Record excerpts -
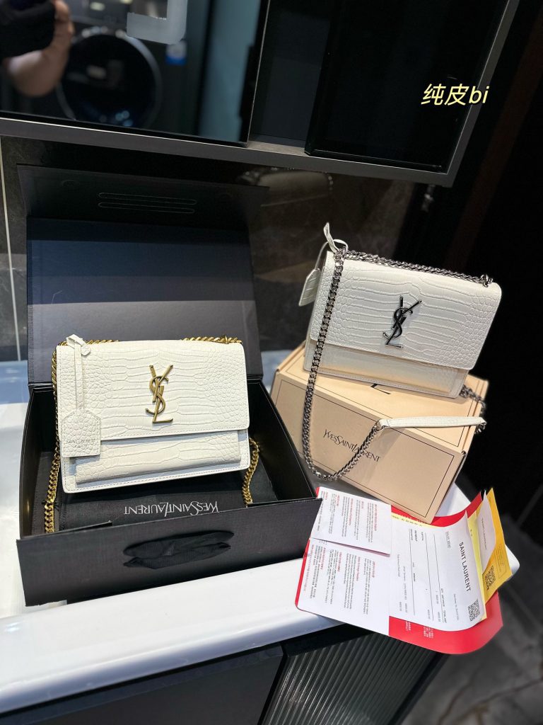 Ville romantique, sac Yves Saint Laurent YSL sunset Le sac Yves Saint Laurent YSL sunset est vraiment synonyme de romantisme exquis, de lignes douces et discrètes, de forme assez large, de style robuste, de cuir de vache noir brillant avec un logo doré, ce qui le rend plus avant-gardiste Taille rétro 25cm
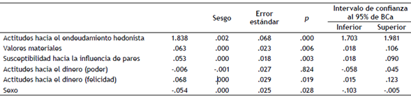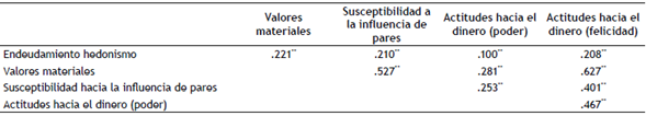Resultados: Se evidencian relaciones estadísticamente significativas entre sexo, valores materiales, susceptibilidad al efecto de pares y las actitudes hacia el dinero con respecto al endeudamiento hedónico.
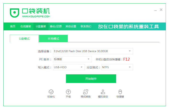 1、下載口袋裝機工具軟件,插入U盤,點擊U盤重裝系統。
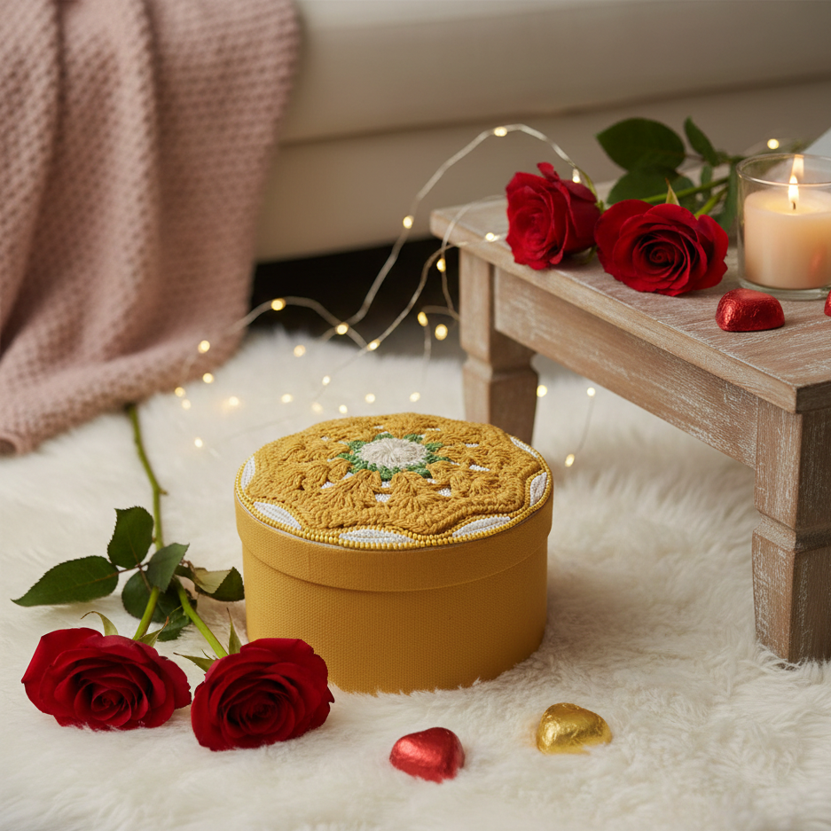 Premium Fabric Finish: Wrapped in a high-quality, mustard-gold fabric, the box offers a soft, tactile feel that is as durable as it is beautiful.
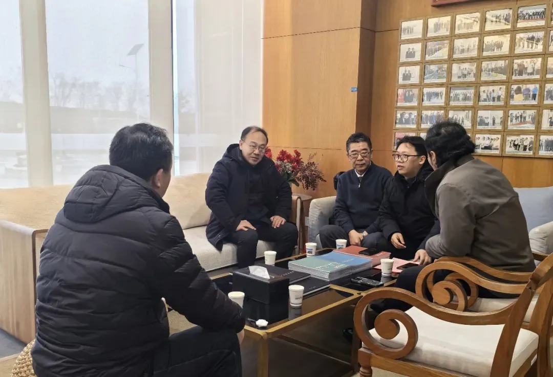 山东工艺美术学院董占军院长与画家苏国强、宝龙美术博物馆馆长刘建栋在会议室交流画展事宜
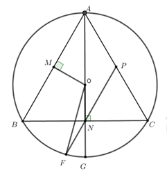 b.PN cắt cung nhỏ BG  của đường tròn (O) tại điểm F. Tính số đo của góc \(\widehat {OFP}\) .
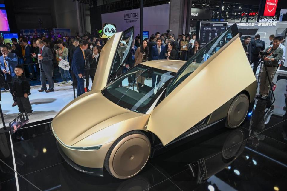 11月6日,这是特斯拉公司展台上展出的特斯拉Cybercab赛博无人驾驶电动车,这是该车型的亚太首展。新华社记者 陈浩明 摄

Problem - Please restate the lines above exactly, starting at the first line of the data and stopping at the line containing "Resultados: Se evidencian", which is included. Omit pictures.

Exercise output -
 Ville romantique, sac Yves Saint Laurent YSL sunset Le sac Yves Saint Laurent YSL sunset est vraiment synonyme de romantisme exquis, de lignes douces et discrètes, de forme assez large, de style robuste, de cuir de vache noir brillant avec un logo doré, ce qui le rend plus avant-gardiste Taille rétro 25cm
Resultados: Se evidencian relaciones estadísticamente significativas entre sexo, valores materiales, susceptibilidad al efecto de pares y las actitudes hacia el dinero con respecto al endeudamiento hedónico.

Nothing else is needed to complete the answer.